START RECORD EXCERPTS

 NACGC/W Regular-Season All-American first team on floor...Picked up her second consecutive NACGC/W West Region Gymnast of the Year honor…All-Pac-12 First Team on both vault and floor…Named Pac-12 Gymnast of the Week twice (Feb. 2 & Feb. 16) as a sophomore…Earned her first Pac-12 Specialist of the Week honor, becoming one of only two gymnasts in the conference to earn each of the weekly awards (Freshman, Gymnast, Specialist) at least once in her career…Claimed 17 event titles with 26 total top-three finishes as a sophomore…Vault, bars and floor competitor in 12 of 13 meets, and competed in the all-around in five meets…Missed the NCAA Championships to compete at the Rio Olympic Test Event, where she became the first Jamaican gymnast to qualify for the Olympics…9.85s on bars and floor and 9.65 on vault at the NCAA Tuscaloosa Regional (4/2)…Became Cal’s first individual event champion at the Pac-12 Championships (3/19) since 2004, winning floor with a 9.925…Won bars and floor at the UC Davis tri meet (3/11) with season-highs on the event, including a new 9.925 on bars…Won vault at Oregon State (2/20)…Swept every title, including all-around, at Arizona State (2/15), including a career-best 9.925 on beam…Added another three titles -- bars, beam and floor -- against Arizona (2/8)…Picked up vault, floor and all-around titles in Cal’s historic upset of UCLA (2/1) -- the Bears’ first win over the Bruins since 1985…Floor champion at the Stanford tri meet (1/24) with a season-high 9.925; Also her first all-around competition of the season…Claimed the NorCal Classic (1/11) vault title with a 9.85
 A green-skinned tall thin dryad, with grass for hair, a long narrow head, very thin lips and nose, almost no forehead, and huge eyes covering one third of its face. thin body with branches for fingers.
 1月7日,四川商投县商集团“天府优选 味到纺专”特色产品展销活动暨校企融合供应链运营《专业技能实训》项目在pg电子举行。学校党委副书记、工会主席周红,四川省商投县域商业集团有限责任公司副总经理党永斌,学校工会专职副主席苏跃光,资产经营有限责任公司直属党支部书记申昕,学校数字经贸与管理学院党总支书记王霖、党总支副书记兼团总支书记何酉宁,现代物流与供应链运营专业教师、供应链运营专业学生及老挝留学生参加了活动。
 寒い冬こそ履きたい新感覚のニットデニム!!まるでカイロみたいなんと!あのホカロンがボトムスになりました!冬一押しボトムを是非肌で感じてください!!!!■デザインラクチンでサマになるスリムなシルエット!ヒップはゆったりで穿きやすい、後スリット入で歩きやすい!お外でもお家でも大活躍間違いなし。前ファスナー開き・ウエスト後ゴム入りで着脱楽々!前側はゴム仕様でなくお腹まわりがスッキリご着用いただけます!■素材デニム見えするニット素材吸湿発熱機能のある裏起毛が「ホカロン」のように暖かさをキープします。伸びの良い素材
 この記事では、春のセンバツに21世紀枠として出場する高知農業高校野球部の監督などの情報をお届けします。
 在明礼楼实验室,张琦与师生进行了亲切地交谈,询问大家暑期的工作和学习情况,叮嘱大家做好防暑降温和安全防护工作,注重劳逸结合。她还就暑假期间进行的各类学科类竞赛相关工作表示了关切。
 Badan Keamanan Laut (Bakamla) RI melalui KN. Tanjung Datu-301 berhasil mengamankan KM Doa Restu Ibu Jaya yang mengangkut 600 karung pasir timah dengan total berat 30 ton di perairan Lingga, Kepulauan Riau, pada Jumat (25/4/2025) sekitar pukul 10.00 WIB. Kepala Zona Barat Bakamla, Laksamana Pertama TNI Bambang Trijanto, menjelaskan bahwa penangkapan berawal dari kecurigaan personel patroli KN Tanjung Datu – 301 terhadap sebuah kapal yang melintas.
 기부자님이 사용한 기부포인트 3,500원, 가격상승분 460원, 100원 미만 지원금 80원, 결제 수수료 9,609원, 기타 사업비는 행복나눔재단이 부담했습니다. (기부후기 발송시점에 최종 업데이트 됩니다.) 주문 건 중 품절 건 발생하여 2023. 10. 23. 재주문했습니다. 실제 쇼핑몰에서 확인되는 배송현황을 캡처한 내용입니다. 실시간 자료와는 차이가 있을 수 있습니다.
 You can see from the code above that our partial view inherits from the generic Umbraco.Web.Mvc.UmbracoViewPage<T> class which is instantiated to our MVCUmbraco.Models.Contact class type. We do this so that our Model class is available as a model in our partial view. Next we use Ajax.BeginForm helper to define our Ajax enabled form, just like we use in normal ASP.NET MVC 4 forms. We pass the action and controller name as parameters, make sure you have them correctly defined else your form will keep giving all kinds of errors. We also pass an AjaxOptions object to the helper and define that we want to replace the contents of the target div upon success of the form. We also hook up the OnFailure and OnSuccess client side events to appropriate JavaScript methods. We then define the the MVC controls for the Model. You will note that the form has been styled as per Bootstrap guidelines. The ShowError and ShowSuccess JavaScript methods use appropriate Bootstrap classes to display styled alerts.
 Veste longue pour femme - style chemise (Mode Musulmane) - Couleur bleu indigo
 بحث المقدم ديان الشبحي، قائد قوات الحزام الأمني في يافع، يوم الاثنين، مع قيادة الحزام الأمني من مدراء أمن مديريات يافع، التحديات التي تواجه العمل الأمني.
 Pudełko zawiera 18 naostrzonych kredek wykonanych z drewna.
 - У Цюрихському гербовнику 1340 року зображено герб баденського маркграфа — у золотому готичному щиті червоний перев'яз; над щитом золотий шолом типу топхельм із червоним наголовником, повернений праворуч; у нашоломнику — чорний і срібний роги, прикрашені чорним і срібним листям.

END RECORD EXCERPTS

_ASSIGNMENT_
Where the data above reaches the line holding "기부자님이 사용한 기부포인트", begin printing, and stop after the line holding "Pudełko zawiera 18". Each line must be reproduced exactly, with nothing else added.

_TASK ANSWER_
 기부자님이 사용한 기부포인트 3,500원, 가격상승분 460원, 100원 미만 지원금 80원, 결제 수수료 9,609원, 기타 사업비는 행복나눔재단이 부담했습니다. (기부후기 발송시점에 최종 업데이트 됩니다.) 주문 건 중 품절 건 발생하여 2023. 10. 23. 재주문했습니다. 실제 쇼핑몰에서 확인되는 배송현황을 캡처한 내용입니다. 실시간 자료와는 차이가 있을 수 있습니다.
 You can see from the code above that our partial view inherits from the generic Umbraco.Web.Mvc.UmbracoViewPage<T> class which is instantiated to our MVCUmbraco.Models.Contact class type. We do this so that our Model class is available as a model in our partial view. Next we use Ajax.BeginForm helper to define our Ajax enabled form, just like we use in normal ASP.NET MVC 4 forms. We pass the action and controller name as parameters, make sure you have them correctly defined else your form will keep giving all kinds of errors. We also pass an AjaxOptions object to the helper and define that we want to replace the contents of the target div upon success of the form. We also hook up the OnFailure and OnSuccess client side events to appropriate JavaScript methods. We then define the the MVC controls for the Model. You will note that the form has been styled as per Bootstrap guidelines. The ShowError and ShowSuccess JavaScript methods use appropriate Bootstrap classes to display styled alerts.
 Veste longue pour femme - style chemise (Mode Musulmane) - Couleur bleu indigo
 بحث المقدم ديان الشبحي، قائد قوات الحزام الأمني في يافع، يوم الاثنين، مع قيادة الحزام الأمني من مدراء أمن مديريات يافع، التحديات التي تواجه العمل الأمني.
 Pudełko zawiera 18 naostrzonych kredek wykonanych z drewna.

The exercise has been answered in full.